§ Assignment
Only the text belongs in the copy. Transcribe the data exactly and drop any pictures.

§ Provided information
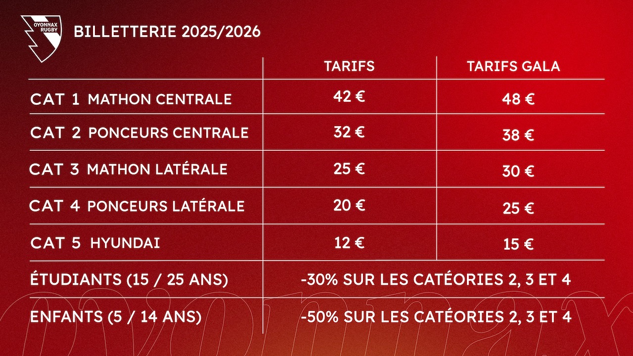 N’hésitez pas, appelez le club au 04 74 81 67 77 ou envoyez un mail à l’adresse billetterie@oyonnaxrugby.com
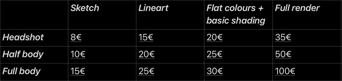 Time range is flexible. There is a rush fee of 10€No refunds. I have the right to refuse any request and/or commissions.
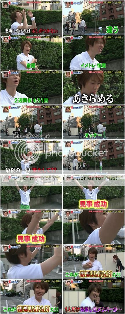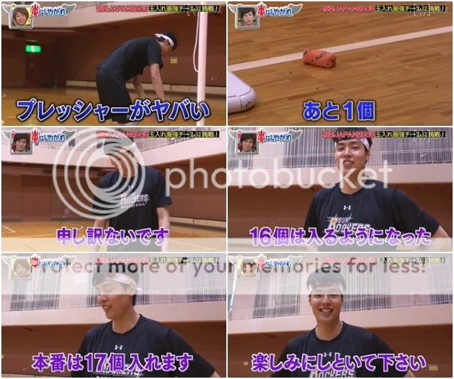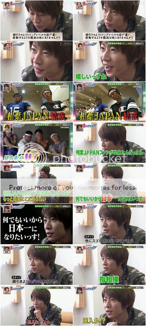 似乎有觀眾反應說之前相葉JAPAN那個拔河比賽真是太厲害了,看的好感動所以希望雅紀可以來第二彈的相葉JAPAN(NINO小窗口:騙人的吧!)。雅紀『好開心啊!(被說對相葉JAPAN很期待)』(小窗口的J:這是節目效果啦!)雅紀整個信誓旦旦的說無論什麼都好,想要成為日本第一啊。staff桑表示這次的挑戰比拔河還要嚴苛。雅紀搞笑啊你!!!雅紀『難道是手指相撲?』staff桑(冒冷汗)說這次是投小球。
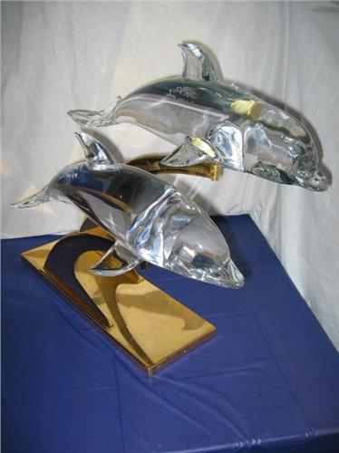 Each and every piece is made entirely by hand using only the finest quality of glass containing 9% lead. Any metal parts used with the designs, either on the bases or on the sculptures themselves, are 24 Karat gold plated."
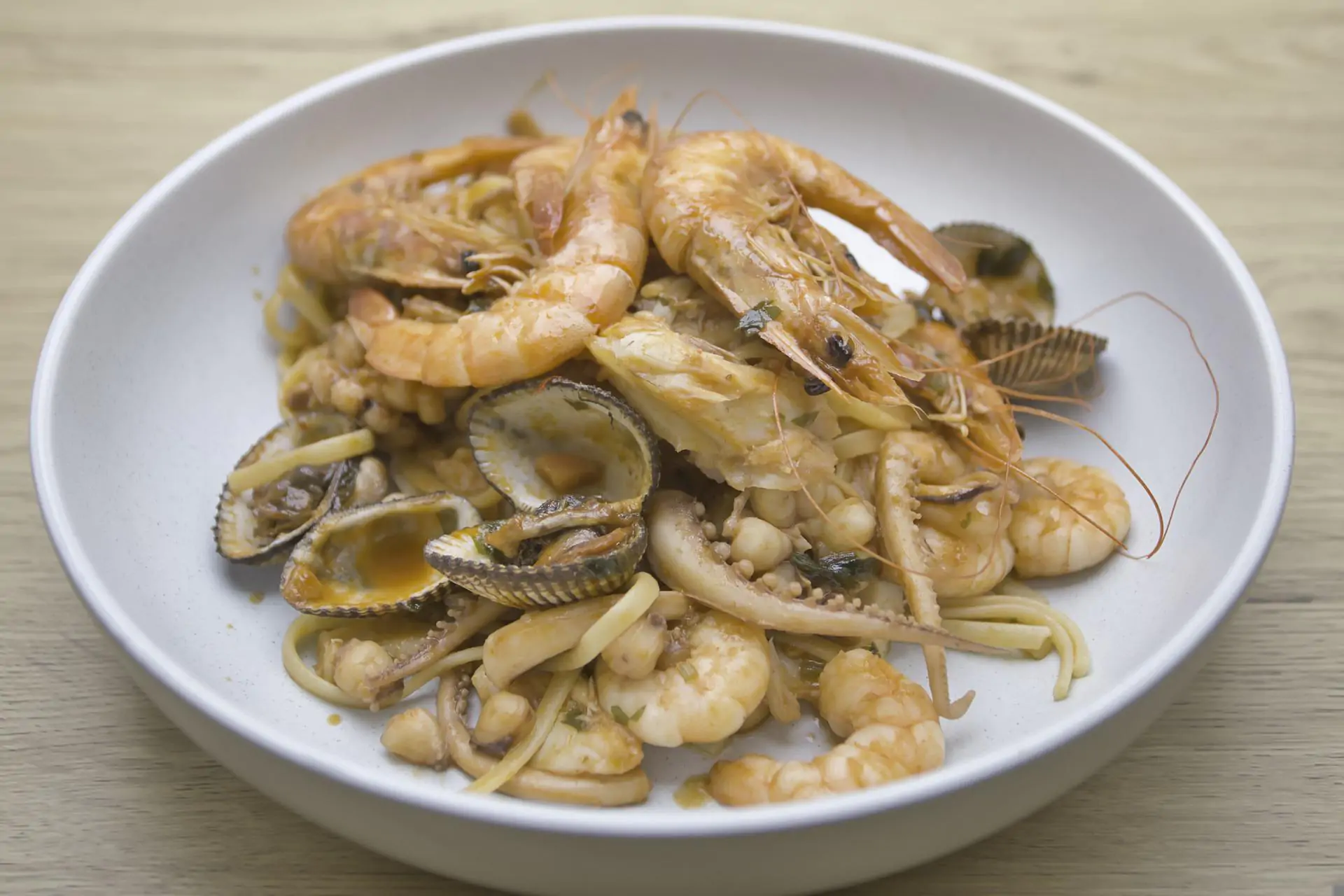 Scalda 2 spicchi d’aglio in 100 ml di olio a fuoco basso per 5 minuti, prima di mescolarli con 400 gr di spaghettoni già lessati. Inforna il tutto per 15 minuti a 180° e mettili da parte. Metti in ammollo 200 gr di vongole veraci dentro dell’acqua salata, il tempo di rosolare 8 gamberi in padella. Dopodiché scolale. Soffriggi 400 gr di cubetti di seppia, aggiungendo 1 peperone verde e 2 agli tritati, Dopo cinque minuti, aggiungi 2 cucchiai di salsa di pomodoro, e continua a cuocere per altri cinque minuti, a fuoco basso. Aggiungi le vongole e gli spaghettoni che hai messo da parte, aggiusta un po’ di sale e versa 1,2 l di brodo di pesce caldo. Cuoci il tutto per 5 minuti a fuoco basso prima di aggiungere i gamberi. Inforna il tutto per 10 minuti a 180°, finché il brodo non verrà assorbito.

§ Task answer
 N’hésitez pas, appelez le club au 04 74 81 67 77 ou envoyez un mail à l’adresse billetterie@oyonnaxrugby.com
 Time range is flexible. There is a rush fee of 10€No refunds. I have the right to refuse any request and/or commissions.
 似乎有觀眾反應說之前相葉JAPAN那個拔河比賽真是太厲害了,看的好感動所以希望雅紀可以來第二彈的相葉JAPAN(NINO小窗口:騙人的吧!)。雅紀『好開心啊!(被說對相葉JAPAN很期待)』(小窗口的J:這是節目效果啦!)雅紀整個信誓旦旦的說無論什麼都好,想要成為日本第一啊。staff桑表示這次的挑戰比拔河還要嚴苛。雅紀搞笑啊你!!!雅紀『難道是手指相撲?』staff桑(冒冷汗)說這次是投小球。
 Each and every piece is made entirely by hand using only the finest quality of glass containing 9% lead. Any metal parts used with the designs, either on the bases or on the sculptures themselves, are 24 Karat gold plated."
 Scalda 2 spicchi d’aglio in 100 ml di olio a fuoco basso per 5 minuti, prima di mescolarli con 400 gr di spaghettoni già lessati. Inforna il tutto per 15 minuti a 180° e mettili da parte. Metti in ammollo 200 gr di vongole veraci dentro dell’acqua salata, il tempo di rosolare 8 gamberi in padella. Dopodiché scolale. Soffriggi 400 gr di cubetti di seppia, aggiungendo 1 peperone verde e 2 agli tritati, Dopo cinque minuti, aggiungi 2 cucchiai di salsa di pomodoro, e continua a cuocere per altri cinque minuti, a fuoco basso. Aggiungi le vongole e gli spaghettoni che hai messo da parte, aggiusta un po’ di sale e versa 1,2 l di brodo di pesce caldo. Cuoci il tutto per 5 minuti a fuoco basso prima di aggiungere i gamberi. Inforna il tutto per 10 minuti a 180°, finché il brodo non verrà assorbito.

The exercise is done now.